Summarizing the results obtained in this study, it can be said that the validation process of an analytical method including the TLC-densitometric method developed in this work is a very powerful tool, necessary in quantitative determination of hydrocortisone acetate amount not only in simple pharmaceutical formulations but in combined dosage forms like, for example, injection solution too (5 mL ampoule). Because the validation report indicates that the developed method fulfills the validation criteria of an analytical method designated for quantity control of pharmaceutical formulations in terms of specificity, linearity, limit of detection, limit of quantification, precision, accuracy, and robustness, it can be suggested that the TLC-densitometric method, mentioned in this study, is suitable for the routine analysis of hydrocortisone acetate and lidocaine hydrochloride in quantity control laboratories. Moreover, the results of our TLC-method are comparable with those obtained by the use of RP-HPLC method [16]. Thus, it can be concluded that this method can be used as a substitute method for the accurate assay of the hydrocortisone acetate and lidocaine hydrochloride in combined formulations in form of injection solutions, for example, in situation when HPLC or GC is not affordable in laboratory.

4. Conclusions

The work highlights that an important advantage of developed TLC-densitometric method is that it can be successfully applied to determination of individual components of analyzed preparation such as hydrocortisone acetate and lidocaine hydrochloride, respectively, in combined dosage forms. The chromatographic plates precoated with silica gel 60F254 and a mixture of chloroform + acetone + ammonia (25%) in volume composition 8 : 2 : 0.1 as mobile phase resulted in compact bands and symmetric peaks of lidocaine hydrochloride and also hydrocortisone acetate. UV densitometry was performed in absorbance mode at 200 nm and 250 nm. Under these optimum conditions, complete separation of both bioactive substances and related substances to hydrocortisone acetate, namely, hydrocortisone, prednisolone, and cortisone acetate, are observed. The studies indicated that none of the excipients presented above interfered with the proposed assay method. This aspect of TLC-densitometric analysis is of great interest as it offers possibilities for the assay of hydrocortisone acetate and lidocaine hydrochloride in a combined dosage formulation like injection solution.

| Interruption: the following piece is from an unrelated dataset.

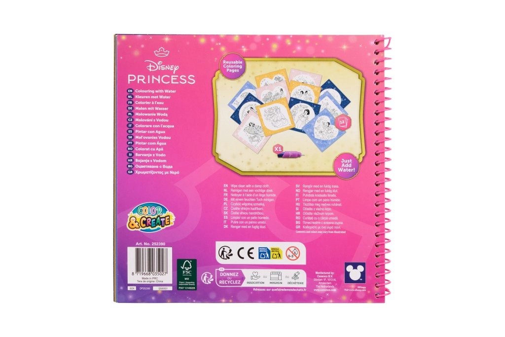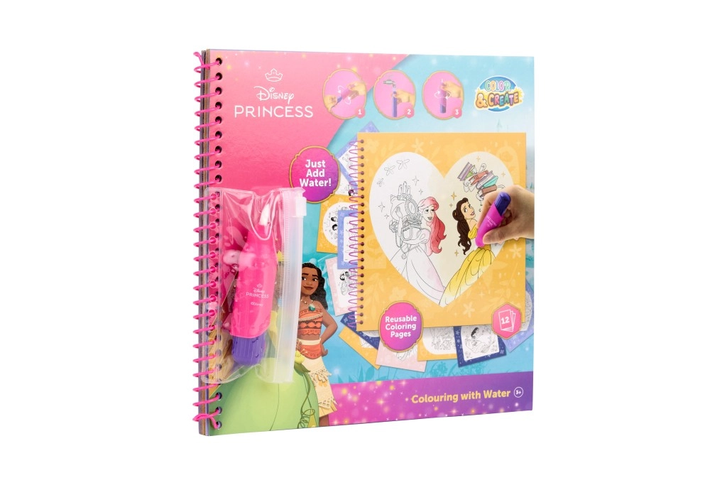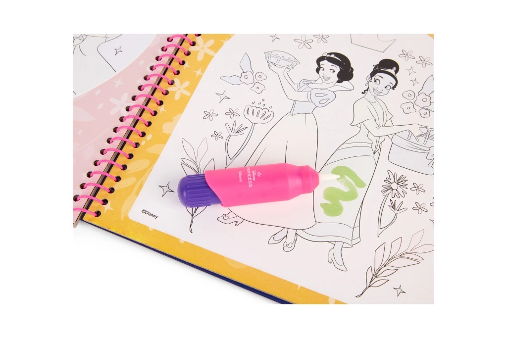 Ce livre créatif offre aux enfants une activité de peinture sûre et propre, sans salissures. Grâce au pinceau à eau, de magnifiques illustrations des Princesses DISNEY se révèlent en passant simplement sur l’image. Lorsque la page sèche, les couleurs disparaissent et les enfants peuvent peindre encore et encore.

The validation performed in accordance with ICH guidelines and with Ferenczi-Fodor and Nagy-Turák papers of the developed TLC-densitometry in terms of specificity, range, linearity, accuracy, precision, detection limit, quantification limit, and robustness indicates that the elaborated method realizes the criterion of the linearity in required range of hydrocortisone acetate and lidocaine hydrochloride concentrations. The results of hydrocortisone acetate and lidocaine hydrochloride obtained from examined commercial product compared with the value given by manufacturer are consistent with those which are recommended by Polish and United States Pharmacopoeias. It could be said that the NP-TLC-densitometric method is a new suitable method for the routine analysis of hydrocortisone acetate and lidocaine hydrochloride in quantity control laboratories.

Conflict of Interests

The authors have no conflict of interest or no financial gains in mentioning the company names or trademarks.

Acknowledgment

This research was financed by the Medical University of Silesia as part of statutory research project KNW-1-013/N/3/0.